Discussion in 'Structured Educational Program' started by Ami, Dec 11, 2012.

  1. Ami

    Ami Peer Supporter

    In the past few days, some previously unrecognized-as-TMS symptoms have popped up; they are not completely new - just not my initial presenting issue ..(which happily, remains away). Interestingly, the issue of symptom substitution is part of the focus of this particular lesson. After several weeks, I had hoped to be less TMS-prone, so it is hard not to feel somewhat depressed to be experiencing a whole bunch of other TMS symptoms! Deja Vu - all over again. Will I have to go to the wall again in the same way on these symptoms? Dr. Schubiner's blog on Symptom Substitution has been very helpful and personally encouraging to me at the moment:

    "When symptoms shift, that is a good sign; you've got your symptoms moving, and as I always say, you've got them “on the run.” ... Step back and look at how much progress you've made, how much better you understand yourself and how you've been able to make your original symptoms disappear. (Yes that is true!) Have confidence that since you've come this far, you only need to go a little bit farther to gain control over the new symptoms. (So very glad to hear that!) Realize that your brain/mind is getting desperate; it wants to hang on to some symptoms and since you've caught on to the original symptoms, it is trying something new. And it may be trying to gain control and scare you into retreating to your old pattern." (Okay, great warning about the need to remain vigilant!)

    He goes on to explain, "The brain will continue to produce “other” symptoms or substitute symptoms for a variety of reasons.

    1. It is not ready to give up yet and you may need to continue to be firm with it. (Right, I guess my work is not done yet, sigh!)

    2. You haven't yet integrated the changes that you need to make in your life or in your psyche - obviously you have to figure out what those changes are, and that's where therapy may help as well. (For now, I will continue to journal, and I have just ordered Unlearn Your Pain. I am committed to becoming 100% pain free.)

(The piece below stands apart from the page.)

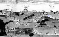 Beweise für eine frühe Besiedlung des Berges mit der heutigen Oberstadt lieferten die Notausgrabungen 1973 und die des Bayerischen Landesamtes für Denkmalpflege 1975 beim Rathaus. Verfärbungen im Boden zeigten, dass es dort bereits um 830 n. Chr. eine weitläufige Burganlage von großer militärischer Bedeutung gab. Die Burg war mit einer Holz-Erde-Mauer und einem Abschnittsgraben befestigt[2] und hatte eine Fläche von rund 5000 m². Neben der Größe weist auch die Bauweise auf die große Bedeutung der Burg hin, die mit drei Mauertürmen, einer Toranlage und teilweise einem Doppelgraben außergewöhnlich gut befestigt war.

    3. You haven't yet accepted yourself fully and completely, i.e. you are still fighting yourself, doubting yourself, being afraid of symptoms or of certain issues/events in your life. (Hmmm...food for thought and more journaling: " what parts of me am I still repressing? What history is still unacceptable to my conscious mind?)

    4. You haven't yet learned what you need to learn from your symptoms. This may sound odd, but several people in the program have directly asked their symptoms (in meditation or in writing) this question, i.e. “what do I need to learn from TMS? The body is basically trying to protect us by producing MBS/TMS symptoms. Once we recognize this, we can work with our mind and bodies to calm the fears, deal with the issues in our lives which are stressful and produce the danger signals that cause activation of the fight or flight reaction." (Another good journaling focus.)

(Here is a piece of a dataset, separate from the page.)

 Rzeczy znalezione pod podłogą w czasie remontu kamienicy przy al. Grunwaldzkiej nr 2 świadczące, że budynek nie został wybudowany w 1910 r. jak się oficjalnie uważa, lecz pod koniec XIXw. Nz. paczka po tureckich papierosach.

    And finally, he ends with these words of encouragement: "The symptoms you are having are an opportunity to learn, to grow and cope better with life. Seize this opportunity and learn from it. (Thanks so much doc! Really appreciate the help!)
     
    Jilly likes this.
  2. Stella

    Stella Well known member

    My newest symptom has been headaches which is one thing I have never really had but now do. Yes, I see the symptoms as an alarm bell telling me to think psychological not physically. I would add a #5 to your list "all of the above". When I get in a stressful situation my head hurts, my right shin and the back of my thighs.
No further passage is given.